- _Task objective_:
Write out the lines below once more, exactly as they appear. Do not include pictures.

- _Data section_:

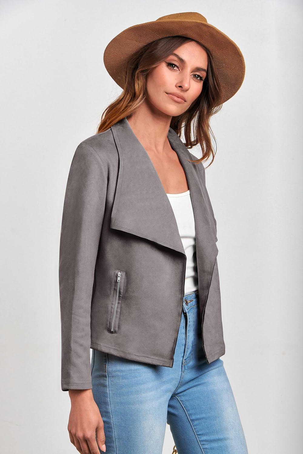 PRETTYGARDEN Women’s Faux Suede Jackets 2025 Fashion Fall Clothes Long Sleeve Open Front Cropped Coat Outwear(Grey)
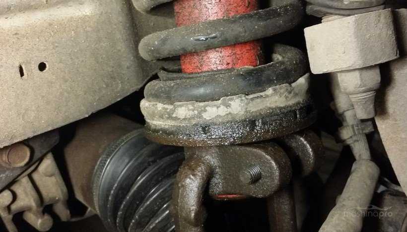 Необходимо проверить ветки пружин, особое внимание обратить на резиновые опорные вкладки, чтобы не было никаких трещин
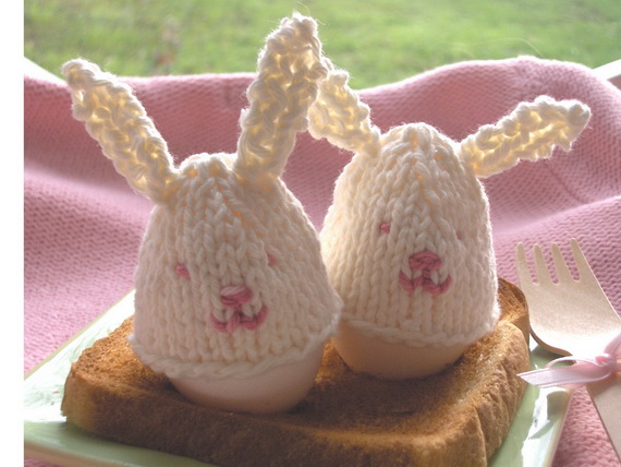 Можно связать для праздничного яйца чехольчик или шапочку.
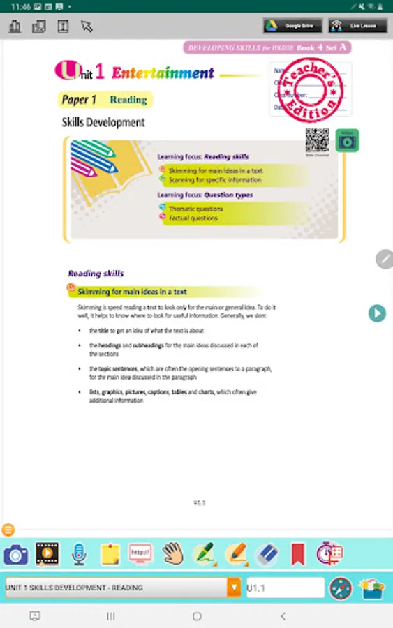 The built-in e-textbook of this app provides a variety of tools to support teaching, including adding and saving annotations, showing and hiding individual or all answers on the same page, viewing different pages in a book in various split-view modes, and so on. Teachers can also use ‘Live Lesson’ to interact with students in real time, save class notes to the cloud drive, and utilize online resources for distance learning and self-study.
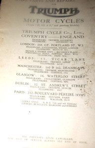 TRIUMPH 1925 PRICE LIST OF SPARE PARTS AND REPART MANUAL
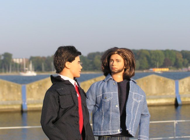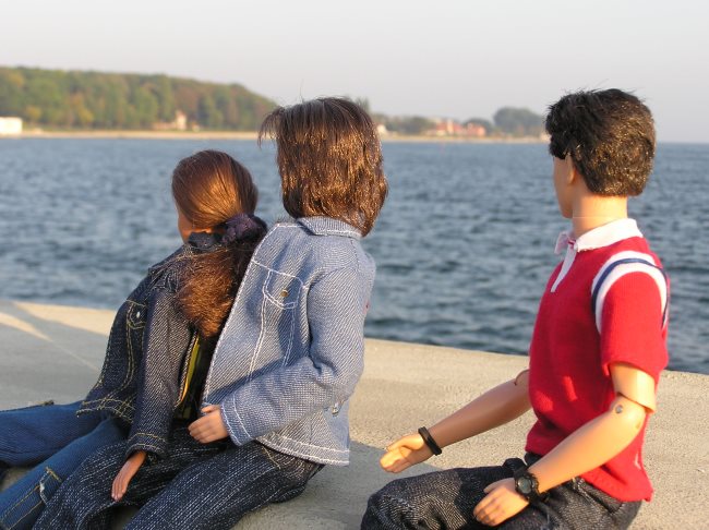 Jana: ,,Du mußt unbedingt mal wiederkommen und mit uns segeln. Dieses Jahr ist die Saison leider schon vorbei. Am Montag kommt das Boot aus dem Wasser.” Jamie: ,,Ich würde gerne einmal mitsegeln.”
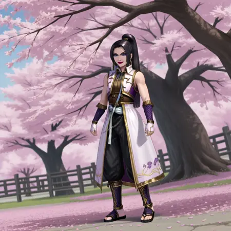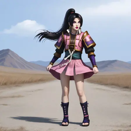 일반적으로 - 1boy, solo, 파니테일, 긴 머리, 검은 머리, 보라색 눈, 메이크업, 립스틱, 귀걸이, 갑옷, 바지, 부츠
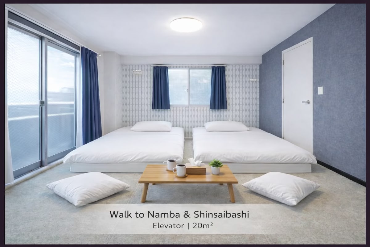 天下茶屋步行4分钟/机场直达/难波、心斋桥、梅田、USJ/全新日式/3卧室、2卫,2浴/可6-9人
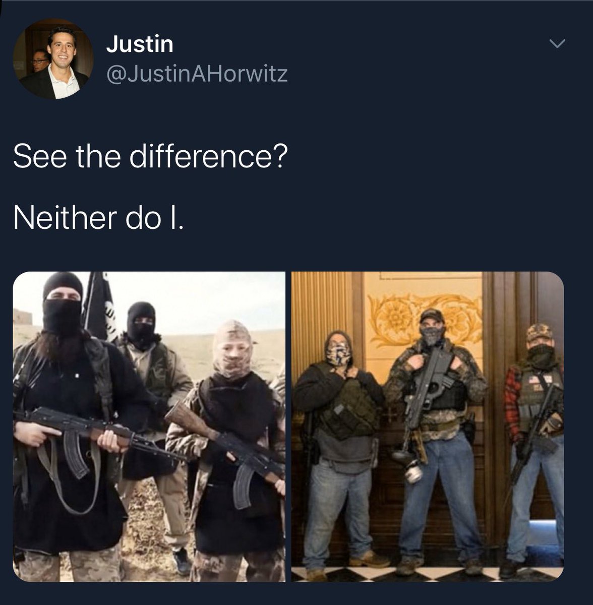 C'mon, he sees the difference - one group he sees as his enemy; the other is ISIS
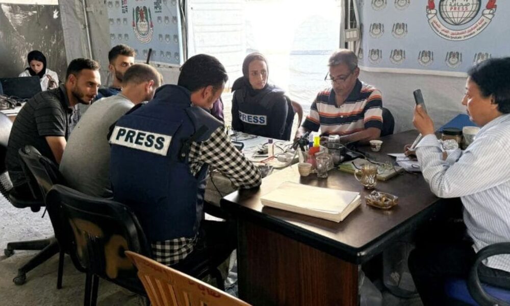 Um grupo de jornalistas palestinos na Cidade de Gaza teve sua tenda bombardeada por forças militares de Israel, na tarde desta quinta-feira (25), após participarem de...
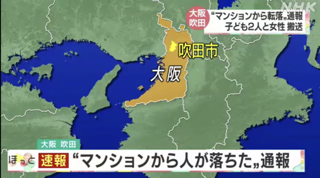 【大阪】吹田 マンションから転落か 子ども2人と成人女性搬送
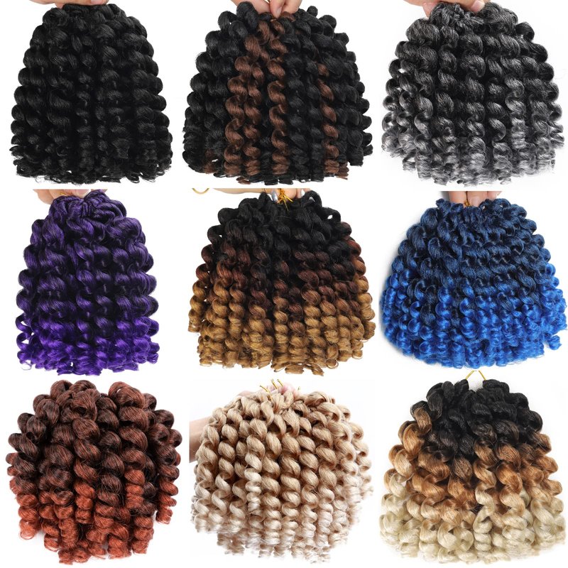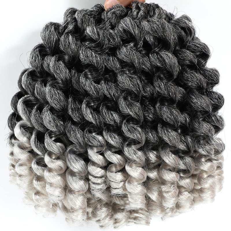 2X Ringlet Wand Curl Jamaican Bounce 3 Packs Silver Grey 8 inch Synthetic Crochet Hair Extensions Short Crochet Braiding Hair 20 Roots (#Ombre Silver Gray)
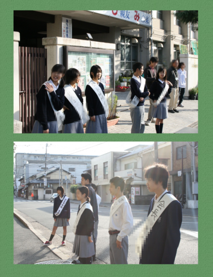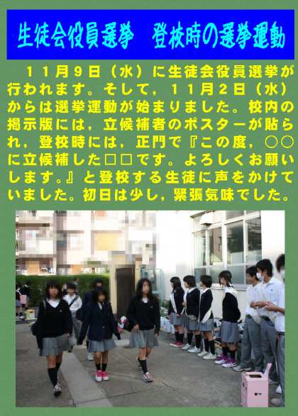 11月9日(水)に生徒会役員選挙が行われます。そして,11月2日(水)からは選挙運動が始まりました。校内の掲示版には,立候補者のポスターが貼られ,登校時には,正門で『この度,○○に立候補した□□です。よろしくお願いします。』と登校する生徒に声をかけていました。初日は少し,緊張気味でした。
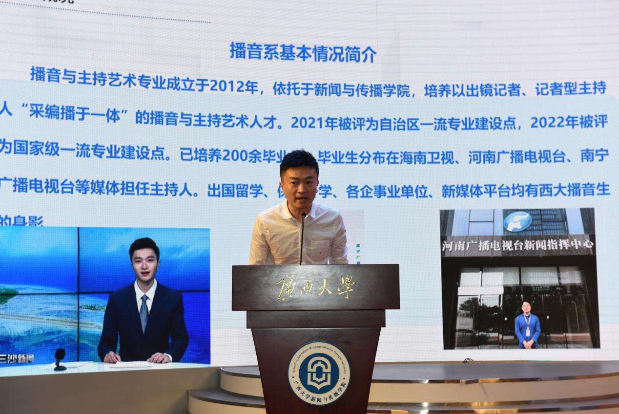 活动伊始,该院院长王仕勇介绍,近年来依托学院新闻传播类专业的优质师资和实践条件,播音与主持艺术专业得到了迅速发展,通过“联合办学”的人才培养模式,在共建精品课程、共建人才队伍、共建实践基地等方面取得了较快的发展,培养了一大批采编播于一身的新闻类播音主持人才。
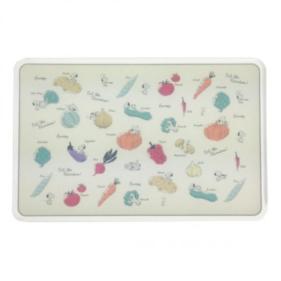 1つ目は、こちらのカッティングボードをご紹介します。野菜たちと戯れているスヌーピーがとってもキュートなデザインとなっていますね♪サイズは、210×325×9mmです。
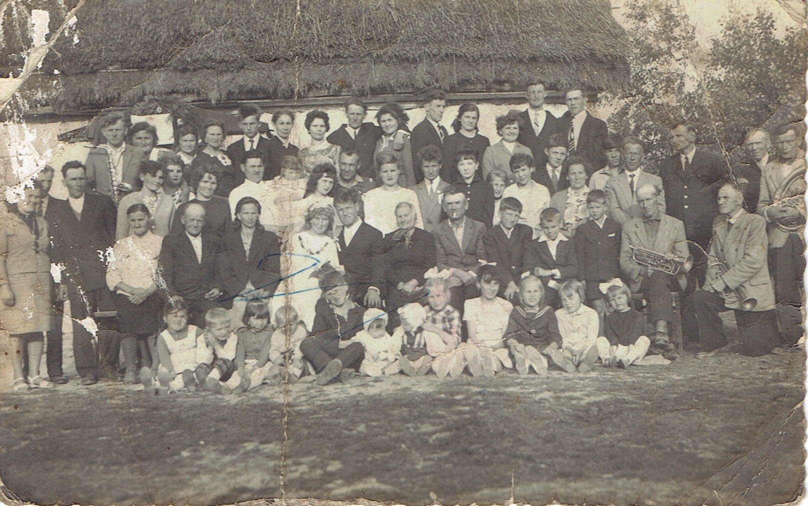 I rząd, od lewej: NN, Olejnik Jan (ociec Pani Młodej - były wójt Gminy), p. Piasecka – Mama Pana Młodego, Teresa Olejnik - Panna Młoda, Eugeniusz Piasecki (Pan Młody), p. Olejnik _mama Pani Młodej), ojciec Pana Młodego, Brat Pana Młodego, Adam Mendrzycki, Roman Kurowski, NN, Władysław Jarmużewski (muzykant- klęczy)

- _Reply to the task_:
 PRETTYGARDEN Women’s Faux Suede Jackets 2025 Fashion Fall Clothes Long Sleeve Open Front Cropped Coat Outwear(Grey)
 Необходимо проверить ветки пружин, особое внимание обратить на резиновые опорные вкладки, чтобы не было никаких трещин
 Можно связать для праздничного яйца чехольчик или шапочку.
 The built-in e-textbook of this app provides a variety of tools to support teaching, including adding and saving annotations, showing and hiding individual or all answers on the same page, viewing different pages in a book in various split-view modes, and so on. Teachers can also use ‘Live Lesson’ to interact with students in real time, save class notes to the cloud drive, and utilize online resources for distance learning and self-study.
 TRIUMPH 1925 PRICE LIST OF SPARE PARTS AND REPART MANUAL
 Jana: ,,Du mußt unbedingt mal wiederkommen und mit uns segeln. Dieses Jahr ist die Saison leider schon vorbei. Am Montag kommt das Boot aus dem Wasser.” Jamie: ,,Ich würde gerne einmal mitsegeln.”
 일반적으로 - 1boy, solo, 파니테일, 긴 머리, 검은 머리, 보라색 눈, 메이크업, 립스틱, 귀걸이, 갑옷, 바지, 부츠
 天下茶屋步行4分钟/机场直达/难波、心斋桥、梅田、USJ/全新日式/3卧室、2卫,2浴/可6-9人
 C'mon, he sees the difference - one group he sees as his enemy; the other is ISIS
 Um grupo de jornalistas palestinos na Cidade de Gaza teve sua tenda bombardeada por forças militares de Israel, na tarde desta quinta-feira (25), após participarem de...
 【大阪】吹田 マンションから転落か 子ども2人と成人女性搬送
 2X Ringlet Wand Curl Jamaican Bounce 3 Packs Silver Grey 8 inch Synthetic Crochet Hair Extensions Short Crochet Braiding Hair 20 Roots (#Ombre Silver Gray)
 11月9日(水)に生徒会役員選挙が行われます。そして,11月2日(水)からは選挙運動が始まりました。校内の掲示版には,立候補者のポスターが貼られ,登校時には,正門で『この度,○○に立候補した□□です。よろしくお願いします。』と登校する生徒に声をかけていました。初日は少し,緊張気味でした。
 活动伊始,该院院长王仕勇介绍,近年来依托学院新闻传播类专业的优质师资和实践条件,播音与主持艺术专业得到了迅速发展,通过“联合办学”的人才培养模式,在共建精品课程、共建人才队伍、共建实践基地等方面取得了较快的发展,培养了一大批采编播于一身的新闻类播音主持人才。
 1つ目は、こちらのカッティングボードをご紹介します。野菜たちと戯れているスヌーピーがとってもキュートなデザインとなっていますね♪サイズは、210×325×9mmです。
 I rząd, od lewej: NN, Olejnik Jan (ociec Pani Młodej - były wójt Gminy), p. Piasecka – Mama Pana Młodego, Teresa Olejnik - Panna Młoda, Eugeniusz Piasecki (Pan Młody), p. Olejnik _mama Pani Młodej), ojciec Pana Młodego, Brat Pana Młodego, Adam Mendrzycki, Roman Kurowski, NN, Władysław Jarmużewski (muzykant- klęczy)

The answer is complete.